══ MATERIAL TO PROCESS
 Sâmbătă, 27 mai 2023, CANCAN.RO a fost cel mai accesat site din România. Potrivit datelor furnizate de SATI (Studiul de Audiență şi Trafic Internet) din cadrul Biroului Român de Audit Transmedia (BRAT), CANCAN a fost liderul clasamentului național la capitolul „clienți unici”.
════
══ MATERIAL TO PROCESS
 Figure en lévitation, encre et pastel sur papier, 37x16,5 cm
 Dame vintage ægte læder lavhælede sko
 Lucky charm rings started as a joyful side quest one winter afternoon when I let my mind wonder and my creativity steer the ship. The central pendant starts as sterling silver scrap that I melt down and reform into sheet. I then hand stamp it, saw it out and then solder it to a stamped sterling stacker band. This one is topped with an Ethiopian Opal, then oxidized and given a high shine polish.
════
• _REQUIREMENT_:
Where the listing above has a line with "Figure en lévitation, encre", start there, and output every line exactly through the line with "Lucky charm rings", which is also included.

• _RESULT OF THE EXERCISE_:
 Figure en lévitation, encre et pastel sur papier, 37x16,5 cm
 Dame vintage ægte læder lavhælede sko
 Lucky charm rings started as a joyful side quest one winter afternoon when I let my mind wonder and my creativity steer the ship. The central pendant starts as sterling silver scrap that I melt down and reform into sheet. I then hand stamp it, saw it out and then solder it to a stamped sterling stacker band. This one is topped with an Ethiopian Opal, then oxidized and given a high shine polish.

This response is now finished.